- Instructions for the task: Would you retype the whole listing verbatim, keeping pictures out of it?

[Data segment]

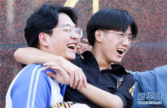 7月8日,在吉林省長春市第八中學考點門口,考生慶祝高考結(jié)束。 當日,全國部分地區(qū)2020年高考結(jié)束。 新華社發(fā)(顏麟蘊攝)
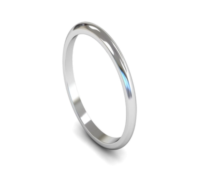 Mococo Fine 9ct White Gold 2mm D-Shaped Wedding Ring
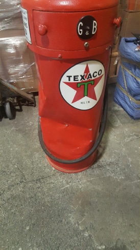 This is a “Before” picture of an antique gas pump that our customer discovered the hard way was quite top-heavy.

[/Data segment]

- Solution to this problem:
 7月8日,在吉林省長春市第八中學考點門口,考生慶祝高考結(jié)束。 當日,全國部分地區(qū)2020年高考結(jié)束。 新華社發(fā)(顏麟蘊攝)
 Mococo Fine 9ct White Gold 2mm D-Shaped Wedding Ring
 This is a “Before” picture of an antique gas pump that our customer discovered the hard way was quite top-heavy.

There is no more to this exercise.